Personalised Approaches in the Frailty Service Re-design

Over one hundred thousand people over the age of 65 in Lincolnshire are living with frailty. This means they have reduced reserves and are more likely to be admitted to hospital if unwell or in crisis. As people progress from mild to moderate, and then moderate to severely frail, their contact with the health and care service increases by approximately 35% for each progression, with an associated 78% spend increase for moderately frail people and 87% spend increase for severely frail people.

Proactive management of frailty ( e.g. by screening, comprehensive assessments, multidisciplinary interventions, and personalised care planning) can reduce its progression, reduce hospital admissions by 20%, reduce falls by 10%, improve health, and subsequently reduce care needs.

Partner agencies from across the health, social care, public health and the third sector in Lincolnshire have come together, with people, their families, and members of the public, to co-produce a new strategy based on local experience and best practice from elsewhere. The ambition is to work together strategically to integrate different services for older people and provide a joined-up service.

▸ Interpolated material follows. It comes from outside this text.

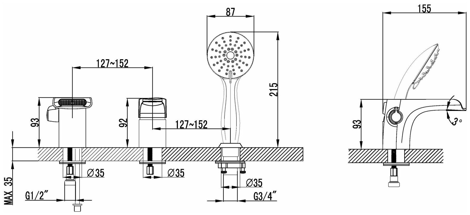 4345C Шифт Смеситель для ванны встраиваемый, на 3 отверстия, с аксессуарами, хром LEMARK

The personalisation team are supporting this work in a number of ways including;

  • Baseline surveys for 'personalised approaches; knowledge and understanding' among the workforce
  • Supporting the early adopter PCNs with training and guidance 
  • Championing the use of our 'tools' 
  • Challenging intervention design
  • Advocating the Our Shared Agreement approach within this work 

As the work develops, you can expect to see more being added to this page and language starting to change.